Work task
Each line from the one containing "وأفادت الحركة عبر" to the last line of the listing below is to be duplicated exactly, and no picture is to be carried over.

Given records
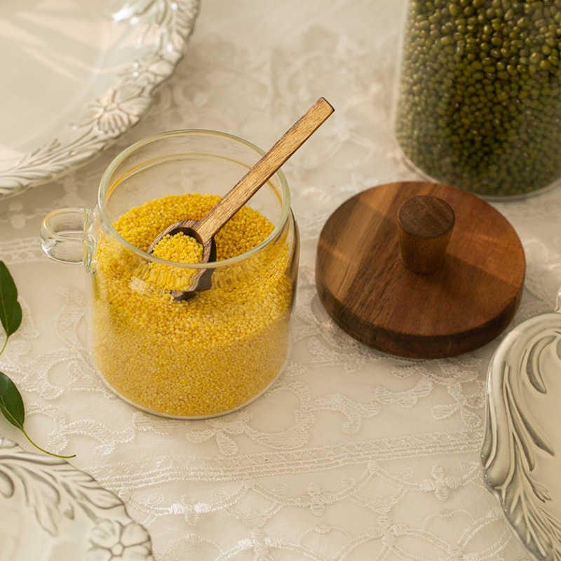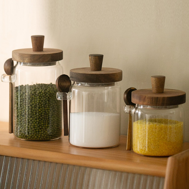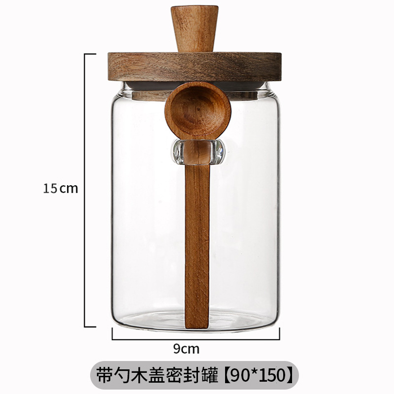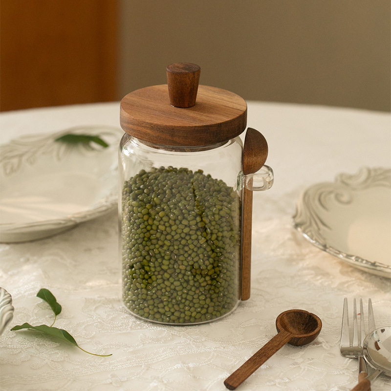 相思木盖带勺玻璃罐茶叶密封罐绿豆储物罐厨房五谷杂粮储存罐批发
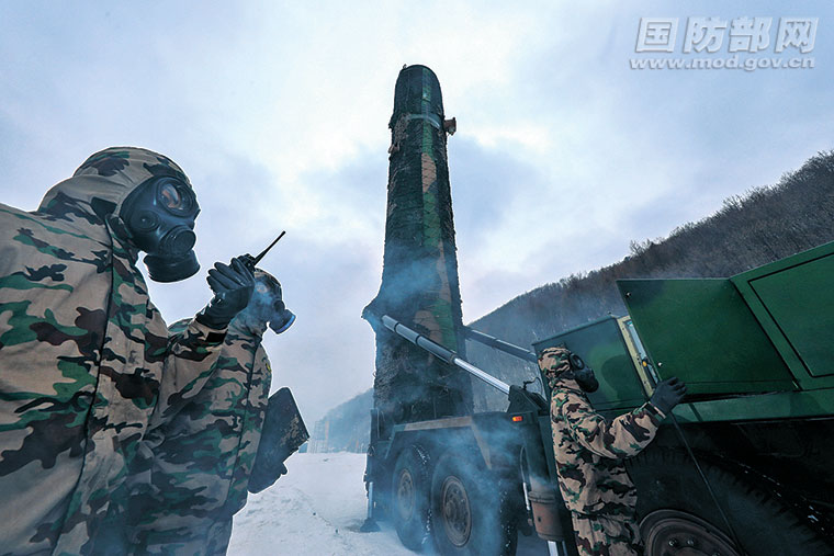 1月3日,火箭軍某旅官兵冒著嚴寒在林海雪原開展實戰化發射演練。陳浩 攝
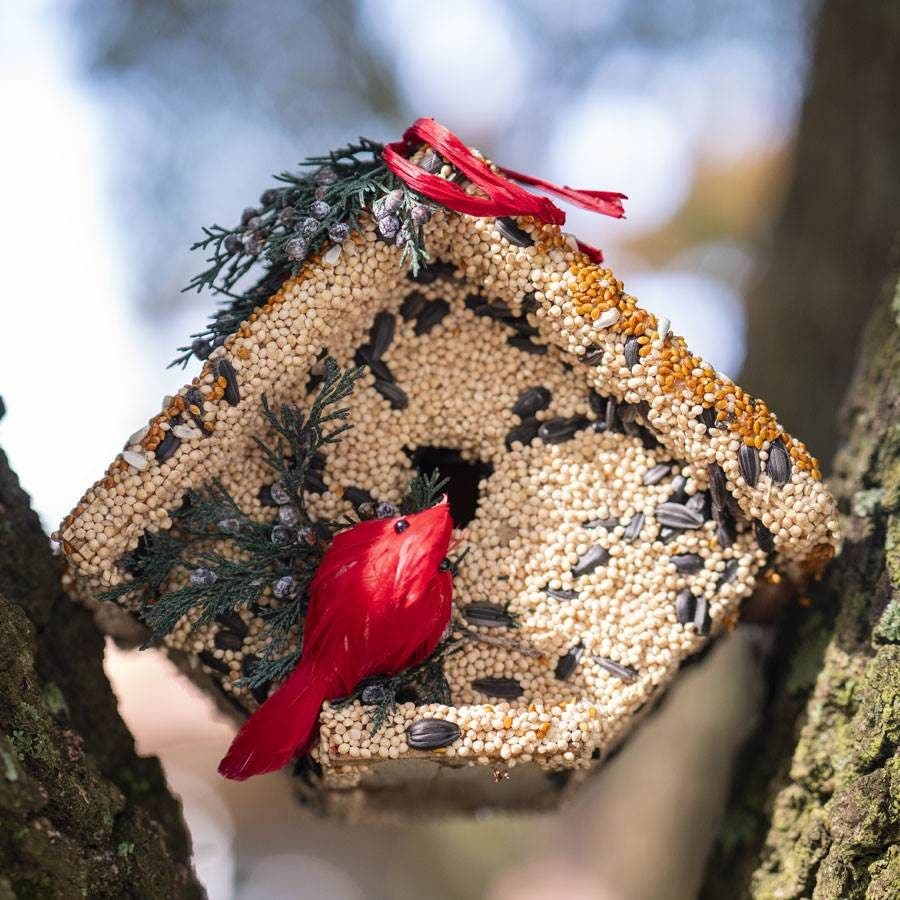 Enhance your garden with the Wren Birdseed Casita, a charming birdhouse smothered with premium seeds that attract birds and invite them to stay awhile. Decorated with sprigs of juniper berries, a whimsical cardinal, and a bright red raffia bow, this birdhouse is as attractive as it is functional.
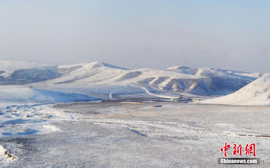 冬日祁连山显雪域牦牛如“画卷”
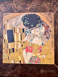 Elegante quadretto decorativo ispirato alla celebre opera “Il bacio” di Gustav Klimt, perfetto per aggiungere un tocco artistico e raffinato a qualsiasi ambiente. •Dimensioni totali: 24 x 24 cm •Dimensioni immagine interna: 14 x 14 cm •Condizioni: nuovo •Cornice in stile rustico effetto legno scuro, con lavorazione materica •Stampa dai colori vivaci con dettagli dorati Ideale per arredare soggiorno, camera da letto o come idea regalo.
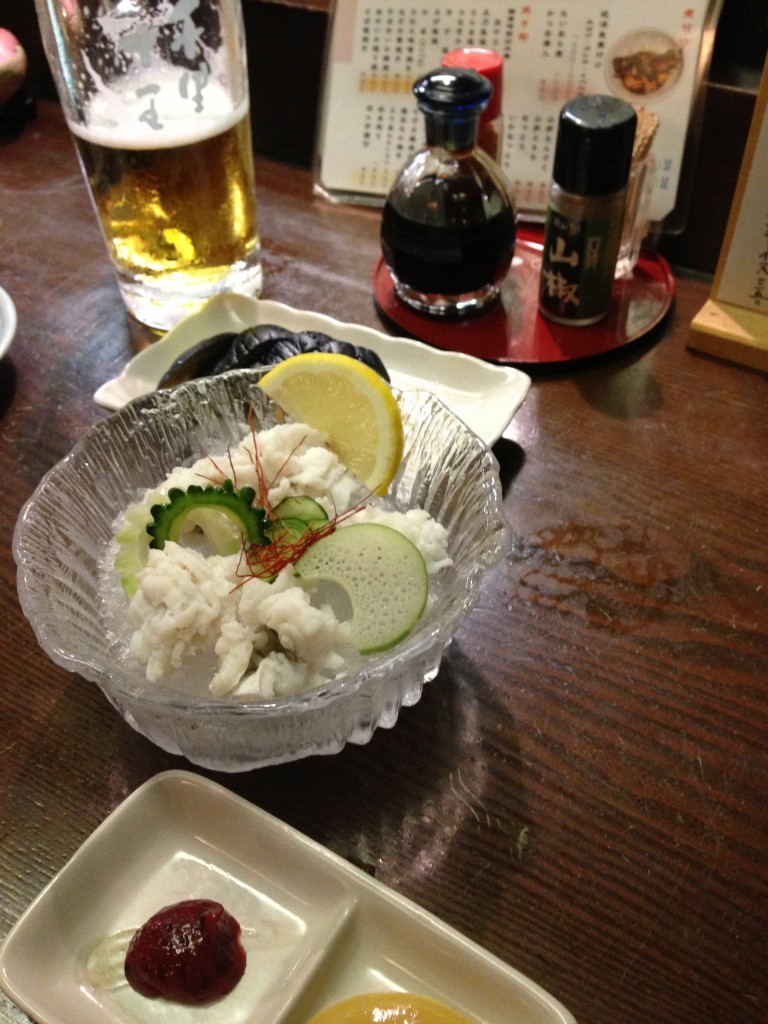 恒例のハモの湯引きとトロットロのだし巻き、鶏のパリッパリ焼き~だし巻き、とっても美味しいの❤このだし巻きと味噌汁、ご飯がついたセットがお得~☆
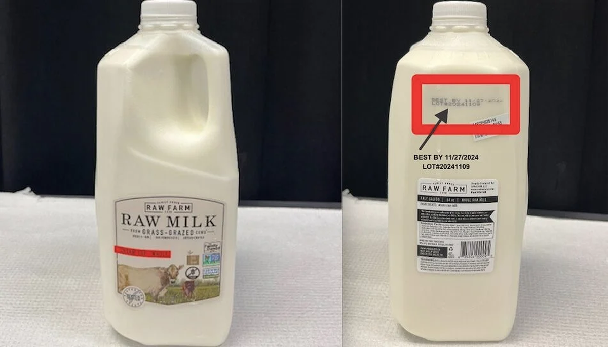 Este virus fue detectado en un lote de leche cruda entera con nata identificado con el número 20241109 la cual fue producida por la compañía Raw Farm, con su sede en Fresno, California, con su fecha de caducidad del 27 noviembre, según informó el Departamento de Salud Pública de California.
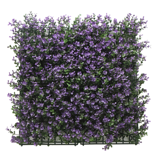 Вдъхнете нов живот на вашите пространства с тези изискани пана от изкуствена зелена декорация с лилави цветчета. Тези пана са проектирани, за да внесат усещане за свежест и естествена красота във всяко помещение, независимо дали е вътре или навън. С размер от 50х50 см, те предлагат идеалния баланс между функционалност и естетика. С гъстота от 324 елемента на панел, те осигуряват плътно и наситено зелено покритие, което създава усещане за истинска природна среда.
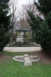 Im Friedhof St. Barbara: zwei Reihen Bodenplatten in Form eines Walmdaches, seitlich Namen, an den Stirnseiten zum Teil Namen oder andere Texte, am oberen Ende ein Betonkreuz mit Strahlenkranz am Boden. Dahinter die Säulen (siehe separater Beitrag)
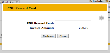Note: The interface attempts to post the entire invoice total at the time you press "REDEEM" button. If the reward card doesn't have enough available credit, it will only post the amount the reward card has available. For example, if your invoice is for $125 and it is a 50 reward card, then the CNH will bring the reward card to $0 and we will create a line on the invoice for $50, and you will need to find another payment type the customer can use to get the remaining $75.
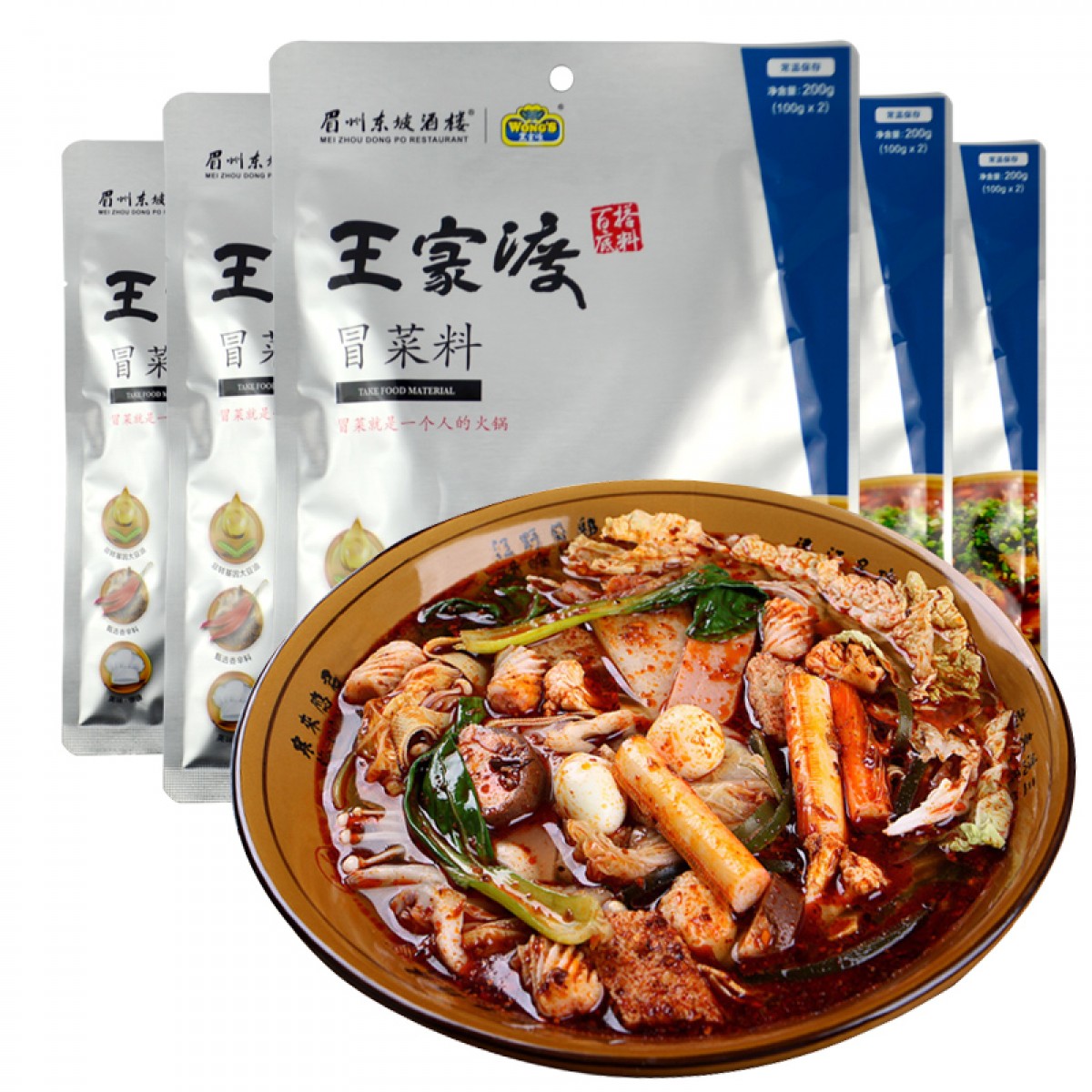 商品名称:王家渡 冒菜底料200g×5袋 四川火锅麻辣烫麻辣冒菜底料调料香辣
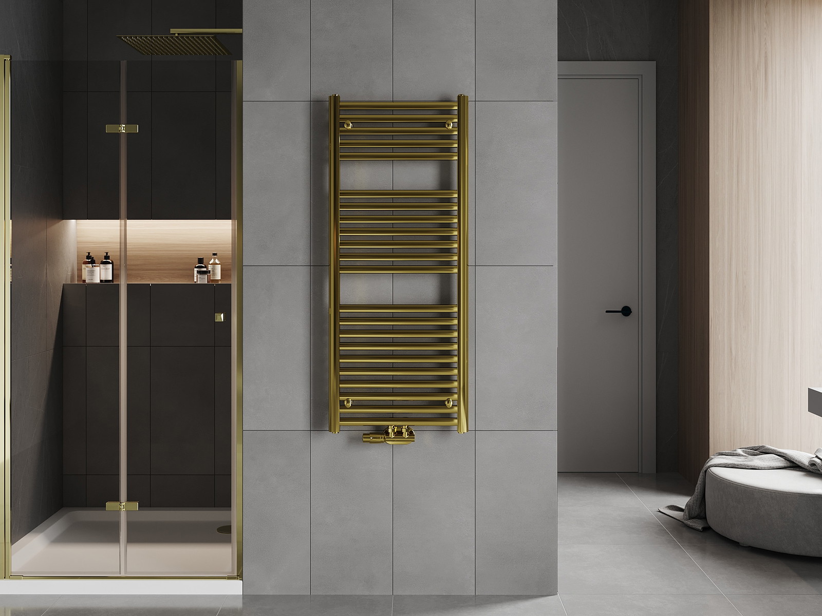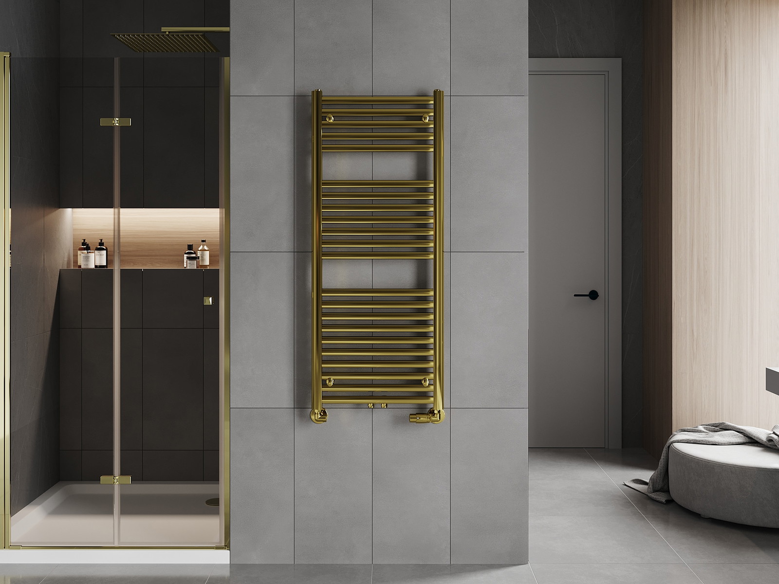 Mexen Hades on tyylikäs kylpyhuoneradiaattori kultaisessa värissä, joka sopii täydellisesti moderneihin sisätiloihin. Koko 1200 x 500 mm ja teho 450 W lämmittää huoneen erinomaisesti. Tämä kestävä teräsrakenteinen radiaattori on korroosionkestävä, kiitos kestävän maalipinnoituksen. Radiaattorin paino on 9,30 kg ja sen maksimikäyttölämpötila on 95 °C. Se mahdollistaa erilaiset liitäntävaihtoehdot ja lämmittimen asennuksen. Täydellinen paketti sisältää kiinnityselementit ja ilmanpoistajan.
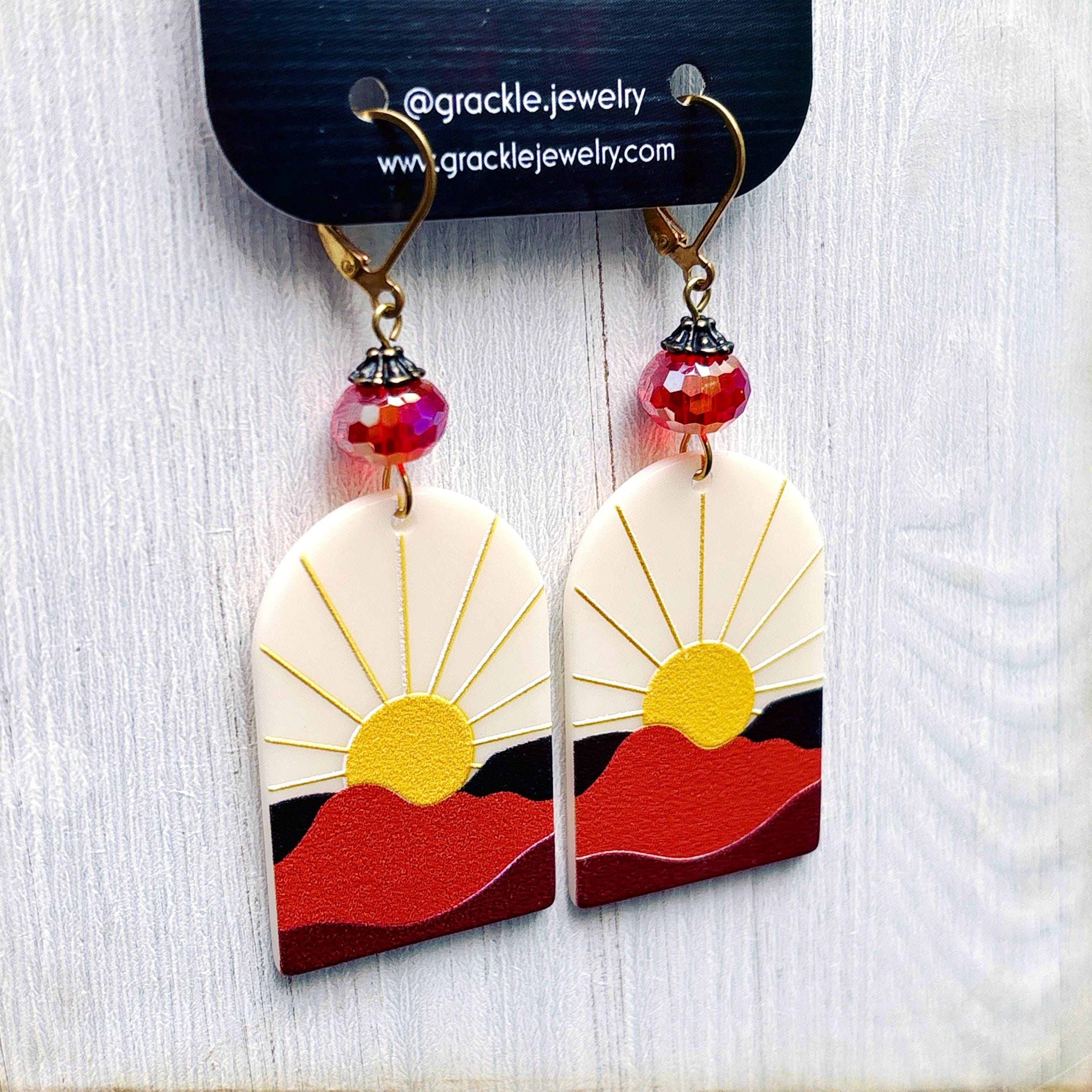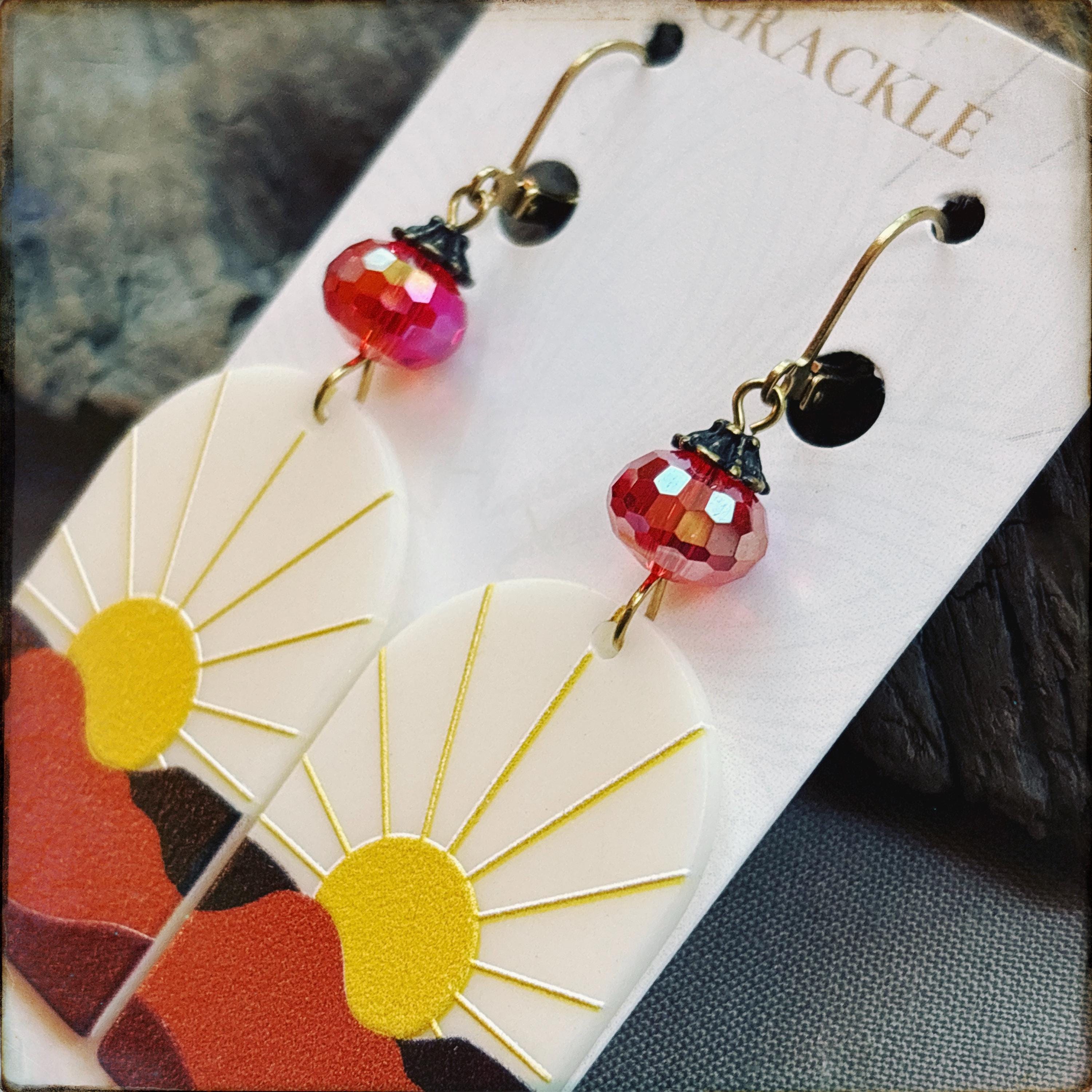 • Lightweight resin charms with embossed sunrise scenes and iridescent red glass beads
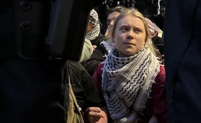 وأفادت الحركة عبر حسابها على منصة شركة "إكس" الأمريكية، أن "غريتا تونبرغ تم توقيفها بموجب قانون الإرهاب بسبب حملها لافتة كُتب عليها: "أدعم سجناء فلسطين أكشن، أنا ضد الإبادة الجماعية".
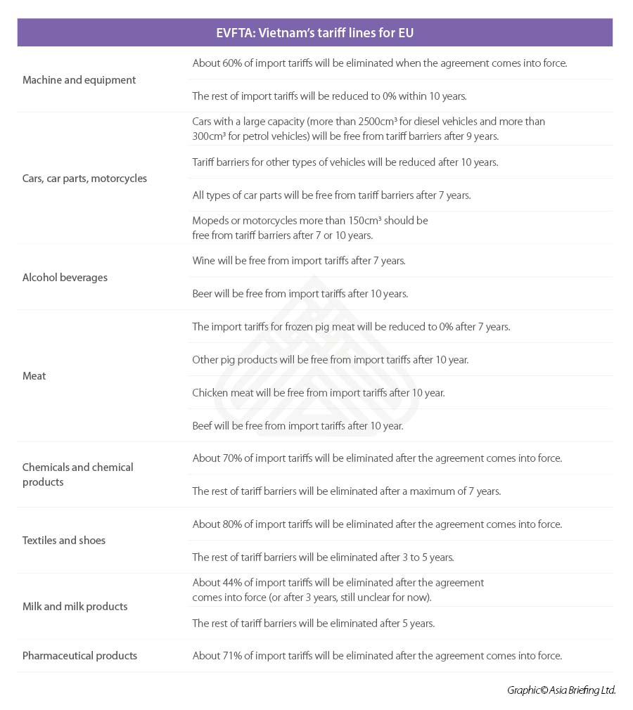 A preliminary overview of the product categories affected by the EVFTA can be found below.

Exercise answer
 وأفادت الحركة عبر حسابها على منصة شركة "إكس" الأمريكية، أن "غريتا تونبرغ تم توقيفها بموجب قانون الإرهاب بسبب حملها لافتة كُتب عليها: "أدعم سجناء فلسطين أكشن، أنا ضد الإبادة الجماعية".
 A preliminary overview of the product categories affected by the EVFTA can be found below.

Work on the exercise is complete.